訳)オオベッコウバチの毒は、人間に激しい痛みを与えます。他の昆虫の刺傷と同様に、人によっては危険なアレルギー反応を起こす可能性があります。

節足動物・オオベッコウバチを英語で紹介

それでは、最後にオオベッコウバチに関するその他の英文をいろいろ紹介します。

オオベッコウバチについて英語で話そう

Aさん
Females of the giant spider wasp can reach 3-4cm in length, and males are slightly smaller.
訳)オオベッコウバチのメスは体調3~4cmに達し、オスはそれよりわずかに小さいです。
Aさん
Giant spider wasps are not aggressive toward humans.
訳)オオベッコウバチは人間に対して、攻撃的ではありません。
Aさん
Giant spider wasps prefer sunny grasslands and open fields.
訳)オオベッコウバチは、日当たりの良い草原や開けた野原を好みます。
Aさん
Adult Giant spider wasps feed mainly on nectar from flowers, while the larvae are carnivorous and feed on paralyzed grasshoppers that are hunted by the female.
訳)成虫のオオベッコウバチはおもに花の蜜を食べますが、幼虫は肉食で、メスが狩った麻痺したバッタを食べます。

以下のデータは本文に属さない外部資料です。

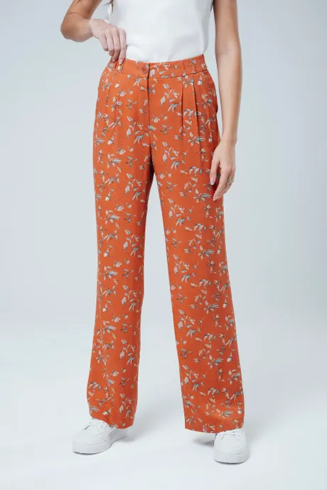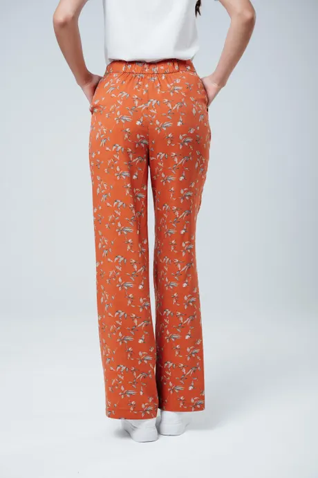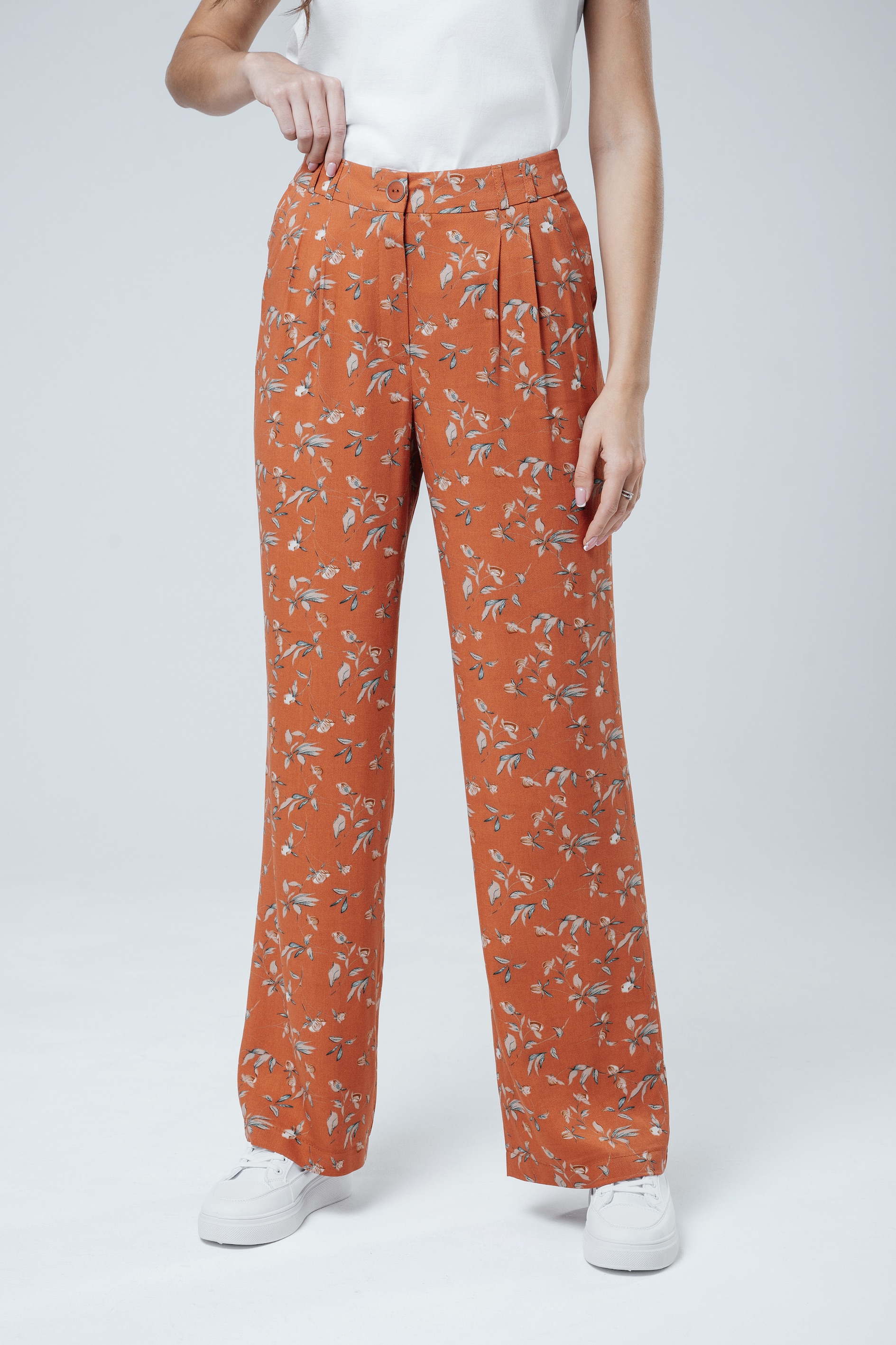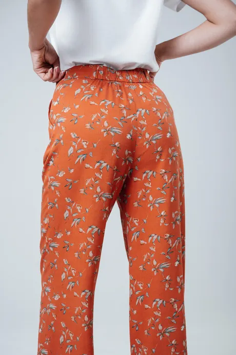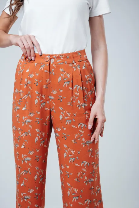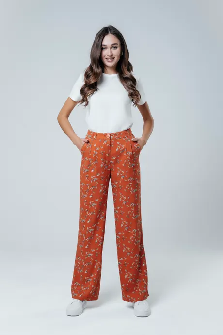 Яркие и стильные оранжевые брюки "Бутоны", изготовленными из прочного штапель-твила. Высокая посадка, прямой крой с изящными защипами делают эту модель отличным выбором для создания современного и эффектного образа. Удобный пояс на резинке гарантирует комфорт в течение всего дня.

Adult Giant spider waspのAdult=成虫、larvae(larvaの複数形)=幼虫の意味です。

まとめ

本記事では、日本に生息する節足動物の昆虫「オオベッコウバチ/Giant spider wasp」(学名はScolia decorata ventralis)について英語表現を含めて解説しました。この機会にwaspとbeeの違いや、ハチやサソリなどの毒にはpoisonではなく”venom”という単語が使用されることもあわせて覚えましょう。